Speaker
Prof.
Walter Thiel
(Max-Planck-Institut für Kohlenforschung)
Description
Semiempirical quantum-chemical methods are well-established tools for computational studies of large molecules [1]. Methods with explicit orthogonalization corrections (OM1, OM2, OM3) offer better overall accuracy in standard statistical evaluations of ground-state properties as well as qualitative improvements for hydrogen bonding and conformational properties [2,3]. OMx-based studies of electronically excited states employ a general implementation of the GUGACI approach in a semiempirical framework which provides analytic gradients and nonadiabatic couplings. Comparisons with high-level ab initio benchmark data show that OMx/MRCI methods describe electronically excited states reasonably well [4]. They can thus be used in mixed quantum-classical dynamics to investigate fast nonradiative relaxation processes after photoexcitation. Numerous such surface-hopping dynamics studies have been carried out at the OM2/MRCI level in recent years [1], for example simulations on DNA bases in different environments, azobenzenes, molecular motors [5] and switches, GFP chromophores [6], and Schiff bases, covering both photophysical and photochemical processes.
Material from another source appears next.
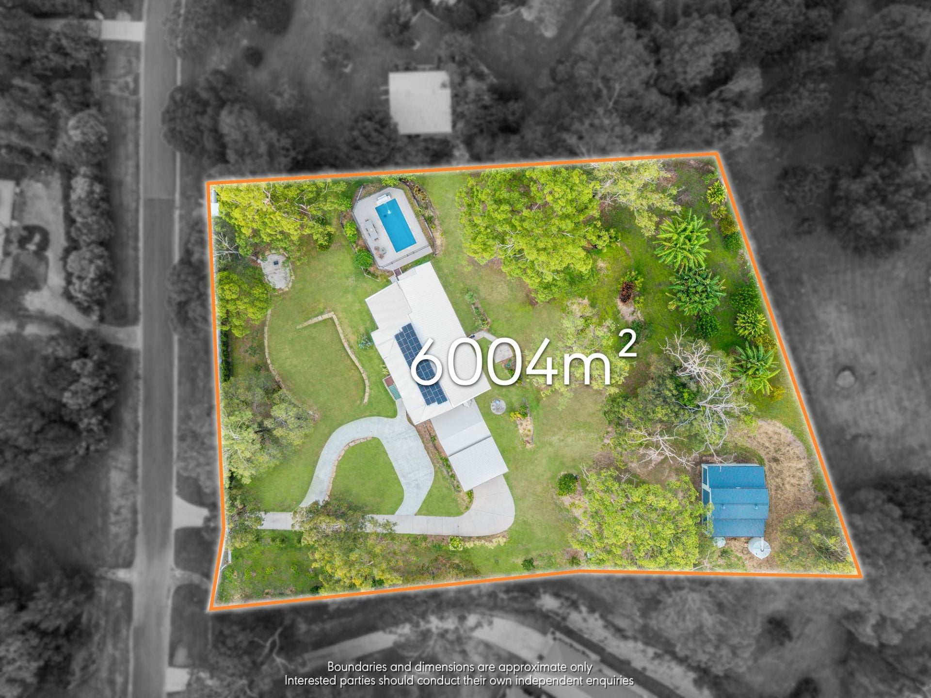 Outdoors, the property is well equipped with a 3-bay shed, 2-car garage, additional 2-bay carport, concrete driveway and electric solar gate. A 6.5kW solar system supports energy efficiency, while the landscaped grounds include a productive fruit orchard with mulberries, bananas, dragon fruit, turmeric, blood orange, lemon, lime, pomegranate and mandarin.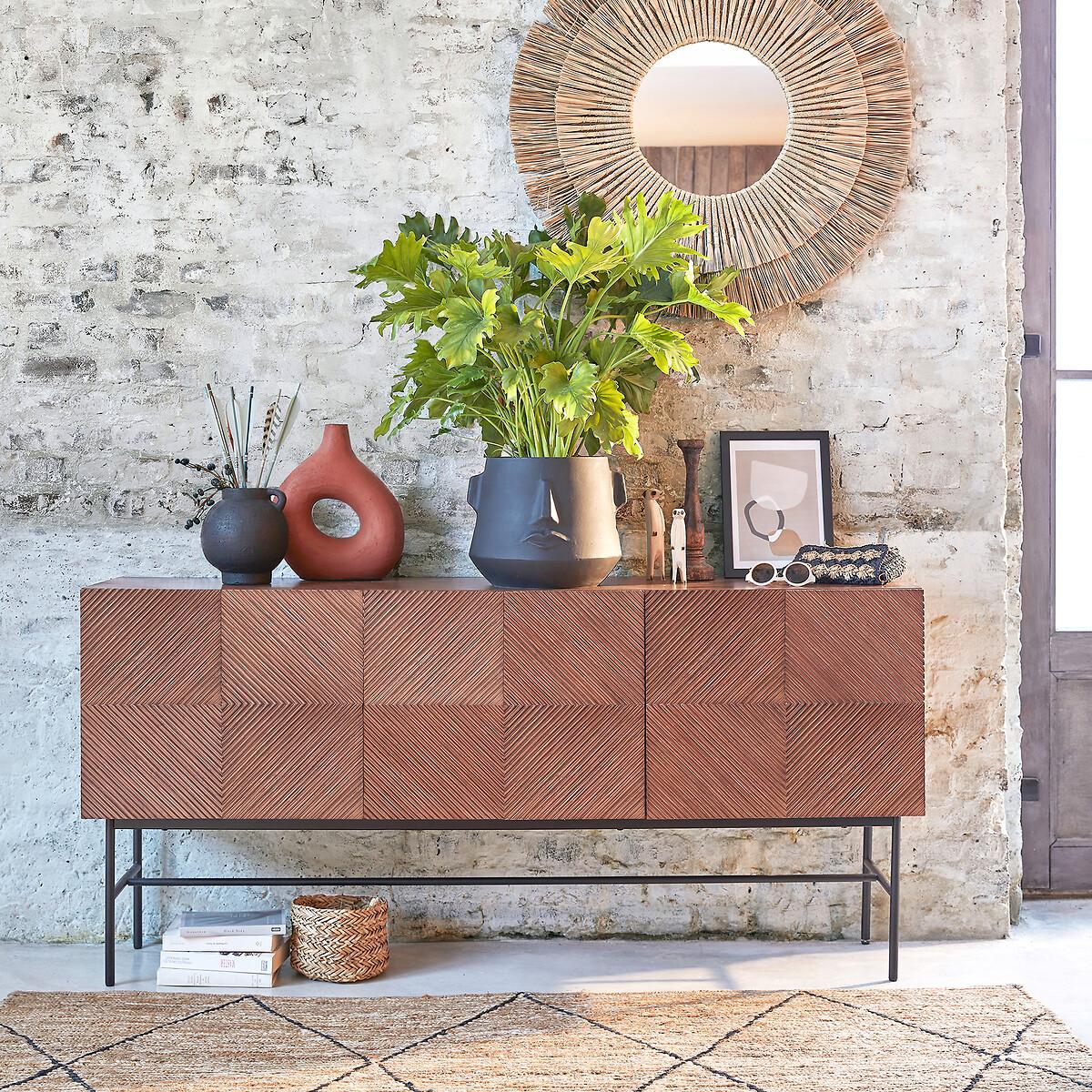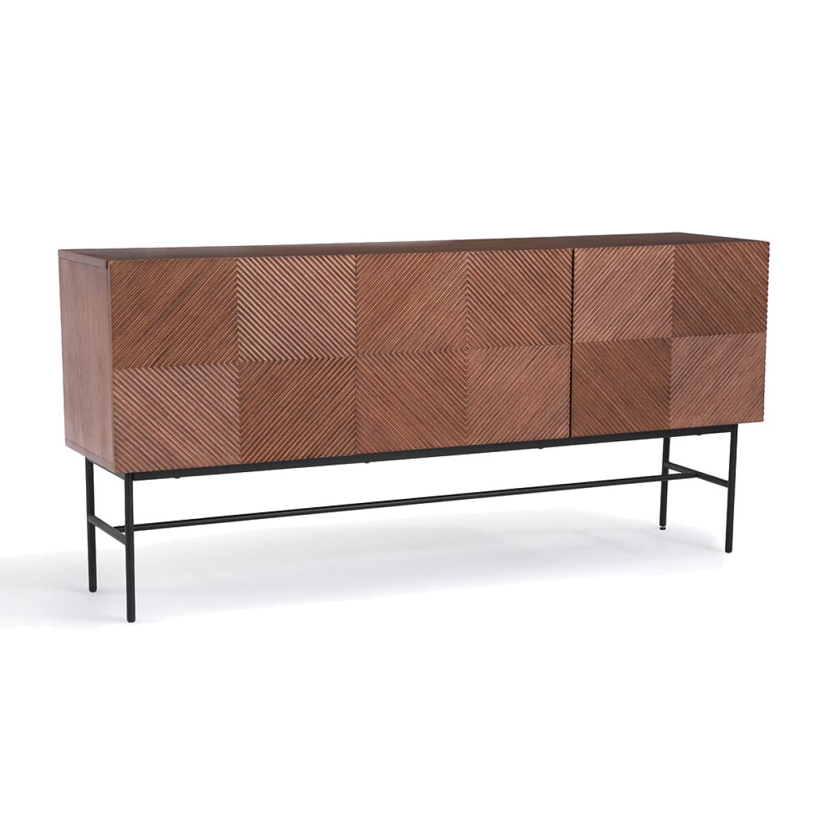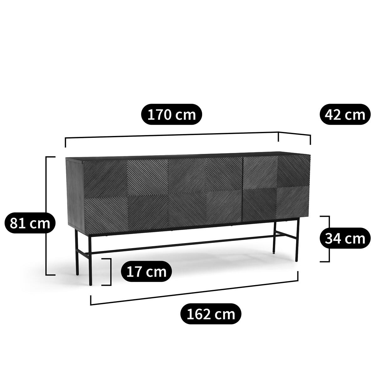 A facade with a traditional pattern in raised wood and a steel "H" base: the Jerem range revisits the art of cabinetmaking and the craftsmanship spirit, in a contemporary style. Its generous size offers a good storage capacity. Product Details • Assembled unit in oak veneered MDF, walnut stained, nitrocellulose varnish finish • Graphic design on the facade veneered with oak strips, stained walnut • 3 doors with soft closing hinges • 2 vertical dividers • 3 storage compartments, with removable and adjustable shelf • 6 compartments • Bevel cut on the top of the doors for easy opening • "H" base in steel tube, black paint, epoxy finish • Plastic feet padsDimensions. Overall • Width: 170cm • Height: 81cm • Depth: 42cm. Usable space • Useful dimensions of a compartment (excluding shelf): L54 x H34 x D37cm • Useful dimensions of the base: L162 x H34 cm (H17cm with central bar) Delivery:Sold with feet to be attached. Available for home delivery. Note! Please check that all access points are large enough to accommodate your delivery (doors, stairs, lifts). • WOOD FROM SUSTAINABLY MANAGED FORESTS. FSC® certified wood comes from forests that are environmentally, socially and economically well managed. Dimensions and weight of parcel1 parcel • L178 x H59.5 x D49.2cm. 63kg

The lecture will address the theoretical background of the OMx/MRCI surface-hopping methodology and present selected OM2/MRCI applications. Time permitting, it will also cover a nonadiabatic excited-state dynamics study on the bithiophene dimer using time-dependent density functional theory (TDDFT) to describe time-dependent excitonic effects in molecular aggregates [7]. The lowest excited states are found to be localized and unproductive in terms of charge separation. Productive high-energy charge-transfer (CT) states are populated within 50 fs during exciton deactivation, but they are short-lived (∼100 fs) and quickly transfer their population to lower states. The TDDFT simulations offer molecular-level insights into ultrafast photoinduced charge separation potentially triggered by hot CT states in solid-state organic materials. They allow us to suggest design rules to increase hot exciton lifetimes, favoring the population of CT states as gateways for direct charge generation.
[1] W. Thiel, WIREs Comp. Mol. Sci. 4, 145-157 (2014).
[2] P. O. Dral, X. Wu, L. Spörkel, A. Koslowski, W. Weber, R. Steiger, M. Scholten, W. Thiel, J. Chem. Theory Comput. 12, 1082-1097 (2016).
[3] P. O. Dral, X. Wu, L. Spörkel, A. Koslowski und W. Thiel, J. Chem. Theory Comput. 12, 1097-1120 (2016).
[4] M. R. Silva-Junior, W. Thiel, J. Chem. Theory Comput. 6, 1546-1564 (2010).
[5] A. Nikiforov, J. A. Gamez, W. Thiel, M. Filatov, J. Chem. Phys. Lett. 7, 105-110 (2016).
[6] X.-Y. Liu, X.-P. Chang, S.-H. Xia, G. Cui, W. Thiel, J. Chem. Theory Comput. 12, 753-764 (2016).
[7] D. Fazzi, M. Barbatti, W. Thiel, J. Am. Chem. Soc. 138 (13), 4502–4511 (2016).